Show that $\sum_{k=0}^n (k+1)x^k = \sum_{k=1}^{n+1} (k)x^{k+1}$.

Question

Note: for context, I have a 10-year old high-school math level and I'm trying to get back at math.

I have this exercise, asked in the form of:

The sum $\sum_{k=0}^n (k+1)x^k$ is equal to: (three possible solutions follow)

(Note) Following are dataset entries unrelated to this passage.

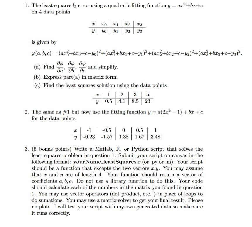Solved = 1. The least squares l2 error using a quadratic | Chegg.com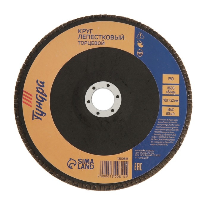 Круг лепестковый торцевой ТУНДРА, 180 х 22 мм, Р80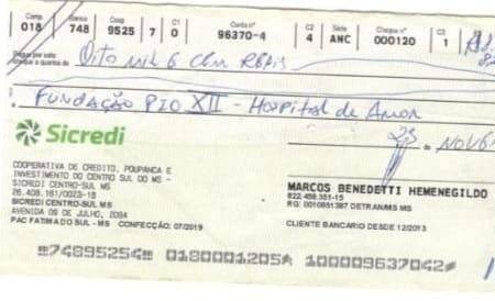 Na petição, a instituição diz que o ex-prefeito emitiu um cheque, em 25 de novembro de 2023, no valor de R$ 8,1 mil para quitar a dívida contraída no leilão beneficente. O hospital tentou efetuar o depósito, mas foi impedido por motivos da alínea 11/12 (cheque sem fundo). A ação foi protocolada no TJMS (Tribunal de Justiça de Mato Grosso do Sul) em 24 de dezembro de 2025.

After spending about an hour on the problem, I looked up the solution and it only says that:

$$\sum_{k=0}^n (k+1)x^k = \sum_{k=1}^{n+1} (k)x^{k-1}$$

It is fairly evident to prove that both sides are equal by showing that they are both $$1 + 2x + 3x^2 + \cdots + (n+1)x^n$$

Now I'm wondering if I should have been able to find the right side of the equality just starting from the left side. Is this possible? Is it so evident that I'm just not finding it?

Thanks a lot!

Note: this exercise appears in H Prépa édition spéciale - Maths

Answer 1

Here is another way of looking at it. Change of variable : Put $k+1=u$

If $k=0$: Then $u=1$

If $k=n$: Then $u=n+1$

How does the equation look like now :

$$\sum_{k=0}^n (k+1)x^k=\sum_{u=1}^{n+1} ux^{u-1} \text{ i.e., } \sum_{k=0}^n (k+1)x^k=\sum_{k=1}^{n+1} kx^{k-1}.$$

Answer 2

$$\sum_{k=0}^n (k+1)x^k = (0+1)+(1+1)x+(2+1)x^2+...+(n-1+1)x^{n-1}+(n+1)x^n$$ $$=1x^0+2x^1+3x^2+...+(n+1)x^{n}$$

$$\sum_{k=1}^{n+1} (k)x^\color{red}{k+1}=1x^2+2x^3+...+(n+1)x^{n+2}$$ so how are they the same?

Second formula should be

$$\sum_{k=1}^{n+1} (k)x^\color{green}{k-1}=1x^{1-1}+2x^{2-1}+3x^{3-1}+...+(n+1)x^{n+1-1}$$ $$=1x^0+2x^1+3x^2+...+(n+1)x^{n}$$

Answer 3

This can also be proved by using a change of indeces. Let $$m=k+1$$ Then, when $k=0$, this implies that $m=k+1=0+1=1$. Likewise, when $k=n$, this implies $m=n+1$. Finally, since $m=k+1$, this implies that $k=m-1$ Hence, $$\sum_{k=0}^n{\left(k+1\right)x^k}=\sum_{m=1}^{n+1}{\left(m-1+1\right)x^{m-1}}=\sum_{m=1}^{n+1}{\left(m\right)x^{m-1}}$$

Finally, since $m$ and $k$ are really arbitrary indices, you can replace $m$ with $k$ to get $$\sum_{k=1}^{n+1}{\left(k\right)x^{k-1}}$$

Answer 4

\begin{align} \sum_{k=0}^5 (k+1)x^k & = 1x^0 + 2x^1+3x^2+4x^3+5x^4+6x^5 & & k \text{ goes from 0 to 5.} \\[12pt] & = 1x^0 + 2x^1+3x^2+4x^3+5x^4+6x^5 = \sum_{k=1}^6 kx^{k-1} & & k\text{ goes from 1 to 6.} \end{align}

Answer 5

Sum limits can be confusing when substituting, consider writting the limits as an inequality instead:

$$ \sum_{k=0}^n (k+1)x^k = \sum_{0 \leq k \leq n} (k+1)x^k = \sum_{0 \leq k-1 \leq n} ((k-1)+1)x^{k-1} = \sum_{1 \leq k \leq n+1} kx^{k-1} = \sum_{k=1}^{n+1} kx^{k-1} $$ Only tricky part is now substituting the $k$ with $k-1$, but that is just a substitution $u=k+1$ followed by relabeling $u$ to $k$ again.